Lanfear v. Home Depot, Inc.
679 F.3d 1267
| 11th Cir. | 2012Background
- ERISA plaintiffs allege fiduciaries imprudently kept Home Depot stock in the Plan, an EIAP/ESOP, based on nonpublic information inflating the price.
- Plan requires a Company Stock Fund invested primarily in Home Depot stock; direct contributions must initially go into this fund, with other funds available for diversification.
- Disclosures warned participants about the risks of a nondiversified Company Stock Fund; plan documents allowed transfers to other funds.
- Allegations include improper return-to-vendor chargebacks and backdating of stock options affecting Home Depot's earnings and stock price.

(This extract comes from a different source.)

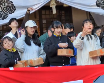 2月3日(火)の節分の日に、午年生まれの5年生が髙山神社さんからご招待いただき、境内にて節分の豆まきをさせていただきました。5年生の子どもたちが神殿から「鬼はそーとー!」「福はうーちー!」と言いながら勢いよく節分の豆をまくと、集まった人たちから「こっち、こっち!」と声が聞こえました。子どもたちも笑顔いっぱいで豆やお餅をまいて、終わった後も「あー!楽しかったー!」ととても満足そうでした。地域の伝統的な行事に参加できる子どもたちは幸せです。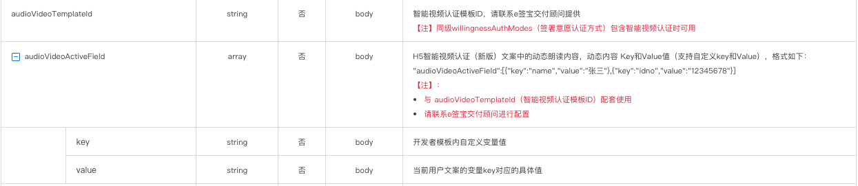 - audioVideoActiveField 智能视频认证文案中的动态朗读内容,动态内容 Key:Value值(支持自定义key和Value)

- District court dismissed the complaint for lack of prudence and loyalty claims; plaintiffs appealed focusing on Moench presumption and nonpublic information disclosure.
- Court adopts an abuse-of-discretion review for ESOP fiduciaries and concludes Moench presumption can be overcome only by showing an abuse of discretion; the plaintiffs fail to plead such abuse.
Issues
| Issue | Plaintiff's Argument | Defendant's Argument | Held |
|---|---|---|---|
| Prudence claim within §1104(a)(2) or not | Lanfear alleges nondiversification and imprudence beyond plan directions. | Home Depot argues claim is exempt as diversification under §1104(a)(2). | Prudence claim not barred by §1104(a)(2); not purely diversification. |
| Standard of review for ESOP fiduciaries’ stock investments | Moench presumption rebuttable; plaintiffs can overcome prudence by nonpublic info. | Moench supplies an abuse-of-discretion standard, with a presumption of prudence. | Court adopts Moench-based abuse-of-discretion standard; presumption not absolute. |
| Whether Moench presumption applies at 12(b)(6) | Presumption operates as evidentiary, not pleading, and may be used to deny claims early. | Moench presumption governs pleading and review through dismissal. | Moench presumption applies at motion to dismiss; not an evidentiary pleading rule. |
| Loyalty claim based on incorporation of SEC filings into plan documents | Misrepresentations in Form 10-K/10-Q become ERISA fiduciary communications when incorporated into S-8 and prospectuses. | Filings were securities-law actions; fiduciaries not acting in ERISA capacity during those acts. | No ERISA liability for misrepresentations in incorporated securities filings. |
Key Cases Cited
- Moench v. Robertson, 62 F.3d 553 (3d Cir. 1995) (presumption of prudence in ESOP fiduciary review; abuse of discretion standard)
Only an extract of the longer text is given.